H. Merkezi: İstanbul’da 16 Mart günü sabah saatlerinde polis tarafından yapılan ev baskınlarında gözaltına alınan Özgürlükçü Hukukçular Derneği (ÖHD) üyesi 7 avukatın da aralarında bulunduğu 27 kişi dün gece mahkemeye çıkarıldı; savunma yapmayacaklarını belirten avukatlar, “Yaptığımız her şeyi sahipleniyoruz. Cezaevi ile terbiye olmayacağız” dediler.

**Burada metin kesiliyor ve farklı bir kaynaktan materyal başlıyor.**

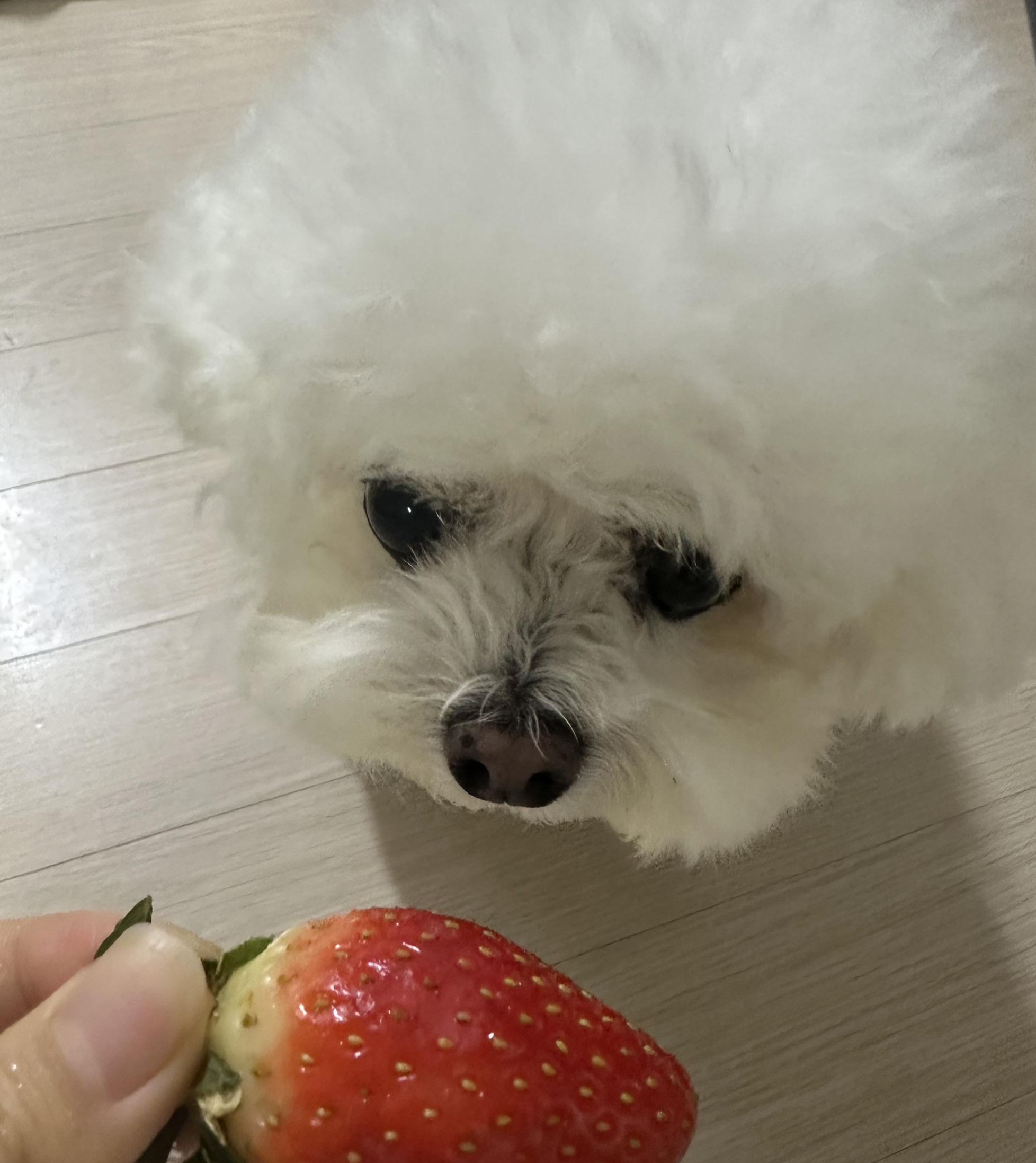딸기주스도 마찬가지입니다. 시중에 판매하는 딸기합성제품은 딸기의 향만 첨가된 경우가 많습니다. 딸기를 제외한 기타 화학 첨가물로 맛과 색을 냈기 때문에 강아지에게는 해로울 수 있습니다. 집에서 딸기로만 갈아서 만든 주스는 급여가 가능합니다. 하지만 이것도 저는 개인적으로 추천드리지 않는 방법입니다. 강아지는 과일을 과다 섭취할 경우 부작용이 많이 따르기 때문에 급여량을 조절해 주는 것이 중요합니다. 만약 주스로 갈아서 급여할 경우 그 양을 정확히 파악하기 어렵습니다. 그 상태로 섭취한다면 너무 많은 당분을 섭취할 수 있어서 건강하지 못한 방법입니다.
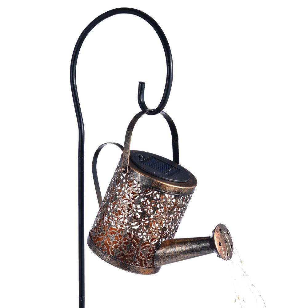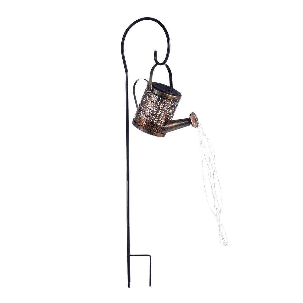 Enchanted Watering Can Outdoor Solar Watering Can Ornament Lamp Garden Art Light Decoration Hollow-out Iron Shower LED Lights
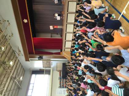 今日の児童集会は集会委員がジェスチャーをやるので、三択で当てるというゲームと同じ誕生日月の人をジェスチャーを使って探すというゲームをやりました。みんな上手にジェスチャーを使って、同じ誕生月の人を探していました。
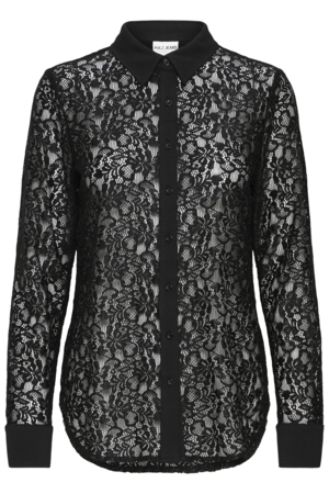 Smuk blonde skjorte fra Pulz Jeans. Skjorten har en blød bomuldskrave, manchet og piping som står flot til de feminine blonder.
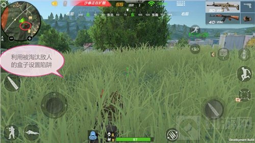 实际上,多数战士发育的方式是舔包而不是在房区内搜刮,原因是前者更容易不劳而获,也容易获得好的物品;而后者则需小伙伴耗费大量的时间精力,期间还需冒着被淘汰的危险。因此,一些机灵的战士会利用战士的这种心理提前布置诱饵,即主动将将物资丢在马路上或利用地面遗落的包裹设置埋伏。因此,在实战中若遇见这种情况需提高警惕,防止被阴。
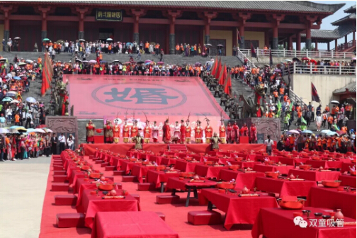 一進(jìn)入到秦王宮的大門,映入眼簾的就是一個(gè)巨大的“婚”字!來(lái)得早不如來(lái)得巧!剛好這里正在舉行秦漢婚禮!“雙童”人們一不小心就成了被宴請(qǐng)的賓客啦
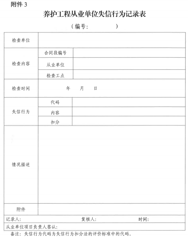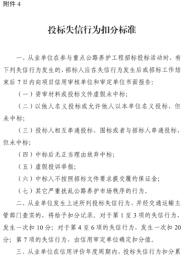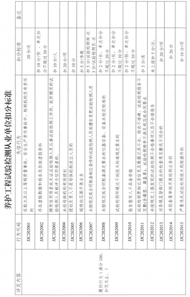 第二十六条 重点公路养护市场的勘察设计、养护施工、养护施工监理和试验检测等从业单位承包合同段履约行为的信用评价采用失信行为扣分法(标准见附件2)。
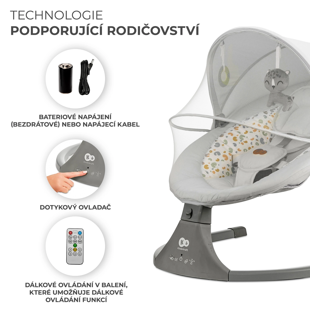 La hamaca Kinderkraft LUMI combina tecnología moderna y un diseño seguro para un descanso cómodo desde el nacimiento hasta 9 kg. Gracias al balanceo lateral, el bebé se siente como en brazos, mientras que el motor silencioso no interrumpe el sueño. Con conectividad Bluetooth y entrada USB podrás poner fácilmente nanas directamente desde el teléfono.
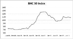 截至2013年10月末,昊樽30指数(BHC 30 Index)报收于1082.27点,较9月末点数(1082.32点)下跌0.05点,环比跌幅0.00%。同期,Liv-ex100指数报收于265.18点,环比下跌2.77点,跌幅-1.03%。昊樽30指数(BHC 30 Index)追踪30款在中国市场认知高、表现相对活跃的高端葡萄酒的价格变化,用于观察高端品种市场的风向标。
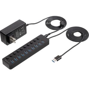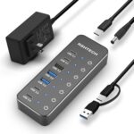 RSHTECHのUSBハブは、10Gbpsの高速接続を提供する7ポート(USB-C×4、USB-A×3)を備え、セルフおよびバスパワー対応。タッチスイッチ付きで、アルミ合金ボディで高耐久性を誇ります。ACアダプタ(100cm)付き。
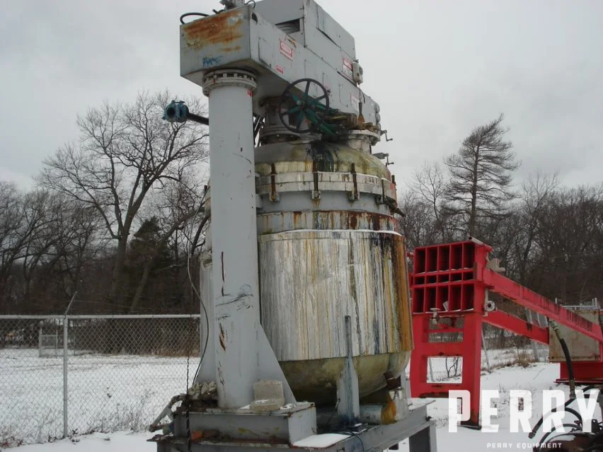 Used Myers tri shaft vacuum mixer, model HV550/800AH-30-75-75, stainless steel shaft and blades with 75 hp high speed disperser blade, 75 hp second high speed disperser blade, slow speed anchor agitator with bottom and side wall scraper driven by 30 hp motor, unit is hydraulically driven with two 75 hp 230/460 volt and one 30 hp, 230/460 volt hydraulic power packs, approx. 60" diameter x 48" straight side, dish bottom tank rated 50 psi and full vacuum at 280 f internal, jacketed for 50 psi at 280 f, air over oil hydraulic lift with air tank, vessel certified by Royal Welding Fabricators, serial# 10445, national board# 227, Myers serial# 1214, built 1994.
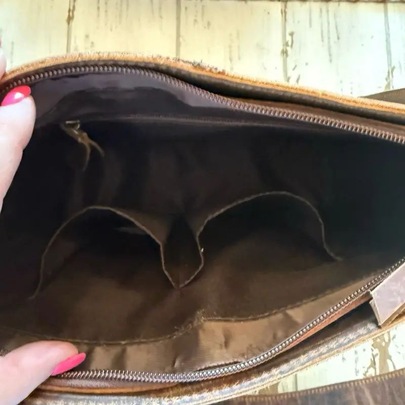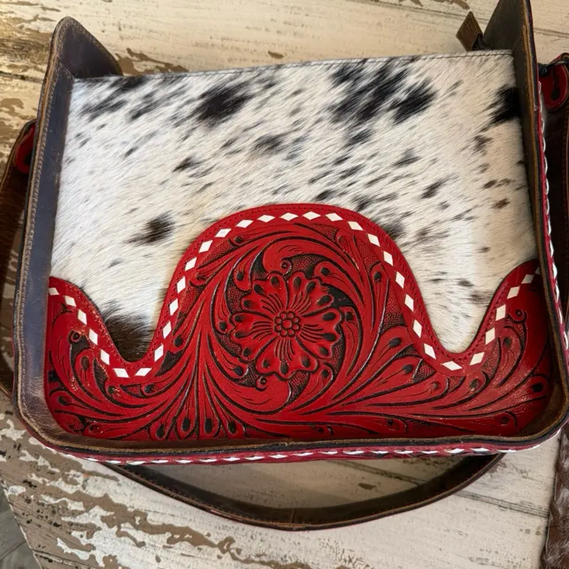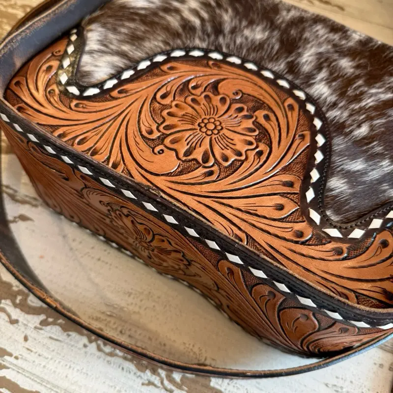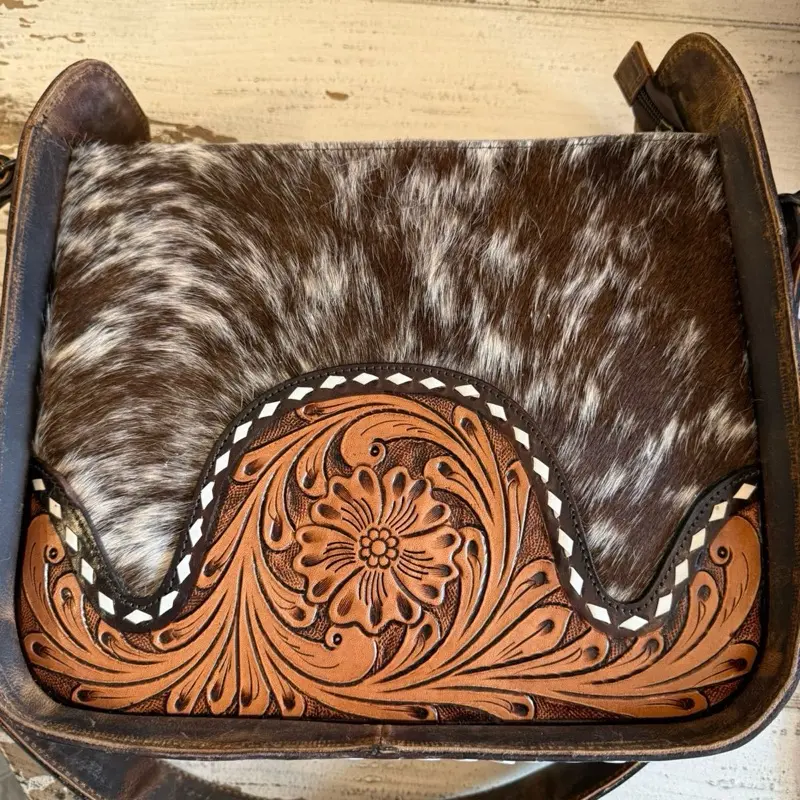 ·Material: Crafted from cowhide, this handbag offers a unique and authentic look. The tooled leather accents enhance its overall appeal. 🐄

İstanbul’da 16 Mart Çarşamba günü 16 ilçede 32 adrese yapılan baskınla aralarında Özgürlükçü Hukukçular Derneği (ÖHD) üyesi 9 avukatın da bulunduğu 31 kişi gözaltına alınmıştı. Dün, savcılık işlemlerinin ardından gözaltına alınan ÖHD’li avukatlardan Mustafa Rüzgar, İrfan Arasan ve İlkin Bulut ile Ahmet Kapçan adlı kişiler sorgu hakimliğinden adli kontrol isteminin reddiyle serbest bırakıldı.
Dün gece ise ÖHD’li İrfan Arasan, Ayşe Acinikli, Hüseyin Boğatekin, Şefik Çelik, Adem Çalışçı, Ayşe Başar, Tamer Doğan ve Ramazan Demir’in sevk edildikleri nöbetçi mahkemede duruşması görüldü. İstanbul Adalet Sarayı’nda görülen duruşmada, ÖHD ve Çağdaş Hukukçular Derneği (ÇHD) üyelerinin yanı sıra CHP’li Sezgin Tanrıkulu, HDP İstanbul Milletvekili Filiz Kerestecioğlu, HDP eski milletvekili Hasip Kaplan, T. Kürdistanı’ndaki baro başkanları ve meslektaşları hazır bulundu.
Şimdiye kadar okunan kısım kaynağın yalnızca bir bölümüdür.